--- Assigned task ---
Please take the records that follow and repeat exactly the lines starting with the line with "Enhance your wardrobe" and going on through the line with "Una vez ingresado".

--- Excerpted data ---
•••

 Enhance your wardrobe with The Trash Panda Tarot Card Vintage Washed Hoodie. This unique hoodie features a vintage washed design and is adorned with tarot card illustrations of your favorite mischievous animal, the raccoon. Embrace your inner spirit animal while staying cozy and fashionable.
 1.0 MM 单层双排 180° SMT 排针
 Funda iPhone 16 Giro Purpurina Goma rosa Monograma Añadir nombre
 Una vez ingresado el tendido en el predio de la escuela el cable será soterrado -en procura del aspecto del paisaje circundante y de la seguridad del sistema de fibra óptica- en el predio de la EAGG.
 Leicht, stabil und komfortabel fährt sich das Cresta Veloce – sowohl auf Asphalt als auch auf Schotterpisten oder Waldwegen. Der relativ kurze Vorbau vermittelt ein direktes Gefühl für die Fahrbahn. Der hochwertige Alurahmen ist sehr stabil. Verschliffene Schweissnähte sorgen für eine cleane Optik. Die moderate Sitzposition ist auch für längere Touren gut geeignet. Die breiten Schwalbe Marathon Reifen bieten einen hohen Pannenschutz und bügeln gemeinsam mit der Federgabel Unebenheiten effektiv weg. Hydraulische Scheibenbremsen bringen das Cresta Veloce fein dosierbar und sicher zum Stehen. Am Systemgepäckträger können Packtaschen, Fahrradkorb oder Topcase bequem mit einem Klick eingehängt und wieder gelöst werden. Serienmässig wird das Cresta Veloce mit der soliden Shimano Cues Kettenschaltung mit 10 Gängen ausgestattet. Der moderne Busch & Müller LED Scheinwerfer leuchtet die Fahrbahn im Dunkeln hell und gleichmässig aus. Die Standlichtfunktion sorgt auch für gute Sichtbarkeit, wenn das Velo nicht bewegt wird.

•••

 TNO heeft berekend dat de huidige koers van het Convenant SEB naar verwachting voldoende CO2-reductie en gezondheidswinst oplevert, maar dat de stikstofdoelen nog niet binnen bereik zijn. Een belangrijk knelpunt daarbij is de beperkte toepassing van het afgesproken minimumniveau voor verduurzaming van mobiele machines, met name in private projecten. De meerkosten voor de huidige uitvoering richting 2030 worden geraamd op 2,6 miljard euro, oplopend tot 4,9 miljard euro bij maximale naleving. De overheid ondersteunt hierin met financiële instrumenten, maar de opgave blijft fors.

•••

--- Answer to this problem ---
 Enhance your wardrobe with The Trash Panda Tarot Card Vintage Washed Hoodie. This unique hoodie features a vintage washed design and is adorned with tarot card illustrations of your favorite mischievous animal, the raccoon. Embrace your inner spirit animal while staying cozy and fashionable.
 1.0 MM 单层双排 180° SMT 排针
 Funda iPhone 16 Giro Purpurina Goma rosa Monograma Añadir nombre
 Una vez ingresado el tendido en el predio de la escuela el cable será soterrado -en procura del aspecto del paisaje circundante y de la seguridad del sistema de fibra óptica- en el predio de la EAGG.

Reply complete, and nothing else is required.